The drill pitted the British Army against “Russians invading Estonia,” The Sun and the Mail on Sunday reported, citing Army sources and featuring photos from the event.
Playing the part of the “invaders,” were “Gurkhas and civilians found using a recruitment agency” – a move motivated by cuts in the Army, the reports said. The “enemies” were wearing “distinctive blue uniforms and were equipped with AK-47 semi-automatic rifles, which Putin’s troops carry.”
The AK-47 is an outdated weapon designed shortly after World War II. While the Russian military has millions of them stockpiled for a potential all-out war, the Defense Ministry stopped buying AK-47s in 2011. The default assault rifle is currently the AK-74, while elite troops have more advanced specialized weapons.
The Mail on Sunday said during the exercise the “Russians” “launched a tank assault using the T-72, a model recently upgraded by the Kremlin at £20 million per tank.”
“As well as the Polish-built T-72 there were three other Soviet-design tanks, supplied by a private collector and the Tank Museum,” the report added.
The report accurately portrays the T-72 as a tank that the Russian military could theoretically use in a conflict, since models belonging to this family comprise most of the main battle tank fleet in Russia.

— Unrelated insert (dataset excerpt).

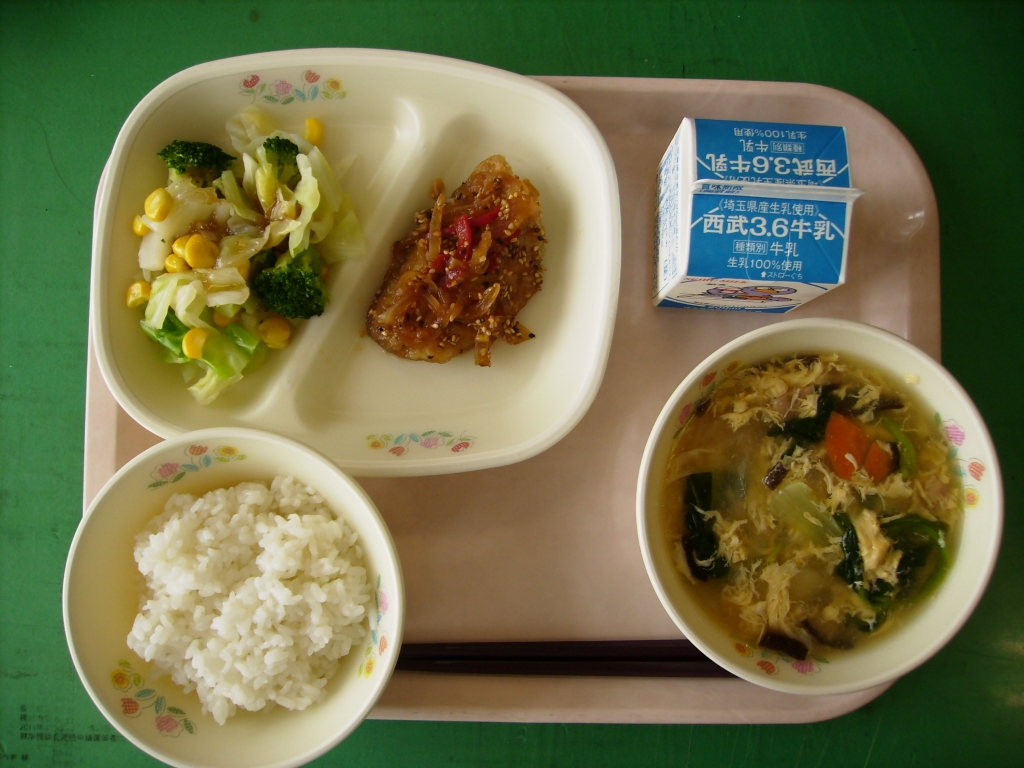 今日の献立  牛乳、ごはん、アジの南蛮漬け 温野菜、華風スープ 今日はスープが子どもたちには好評でした。 アジの南蛮漬けも、さっぱりしていておいしかったです。 サラダは冷たくて、暑い日にはうれしい1品でした。 |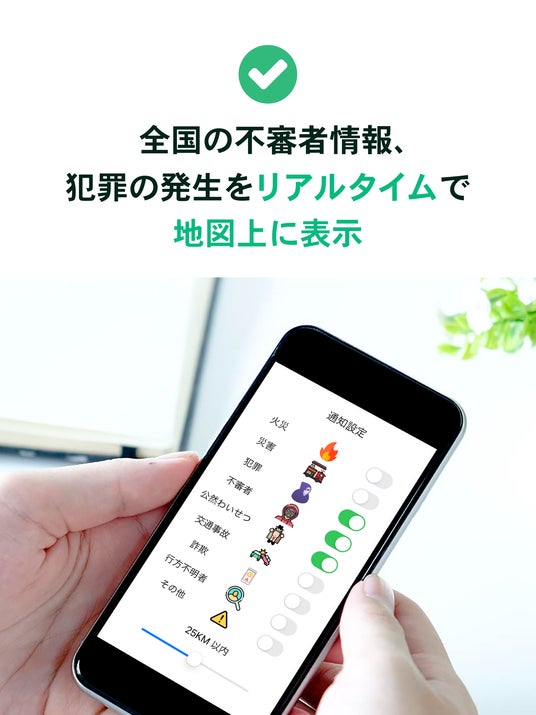また、地図表示機能、通知機能ともに、得たい情報のカテゴリをカスタマイズすることで、必要な情報のみを得ることが可能です。さらに、地図表示機能は最大過去48時間以内に発生した事案のみを表示可能、また、通知機能は、通知を受けたい事案の発生場所の現在地からの距離を指定可能となっており、ニーズに合わせた情報を受け取ることが可能です。

The Polish version is called PT-91 Twardy and is derived from the T-72M1, the 1982 version of the Soviet-designed tank.
However, the older tank models remaining in service in Russia are in long-time storage while most of the 2,700 or so vehicles used for trainings are T-90A, T-80U, T-80BV and T-72B. The more advanced models were developed in the 2000s.
The UK tabloids say the British troops overwhelmed “Putin’s army” with “missile strikes from Apache helicopter gunships and bursts of fire from Warrior armored fighting vehicles,” throwing back the “invaders” despite presumably being “within range of thousands of Russian troops and nuclear-capable missiles at Kaliningrad on the Baltic Sea."
Meanwhile the UK military insisted that “uniforms and equipment used for this military demonstration were standard and did not represent any nation,” according to spokesman Lieutenant Colonel Bayard Barron. The Soviet equipment was indeed provided by a local tank museum and was selected to add “a bit of variety” to the demonstration, he added. Barron told RT it had “nothing to do with any current or planned deployments” and was an “annual internal demonstration” rather than a “mission rehearsal exercise.”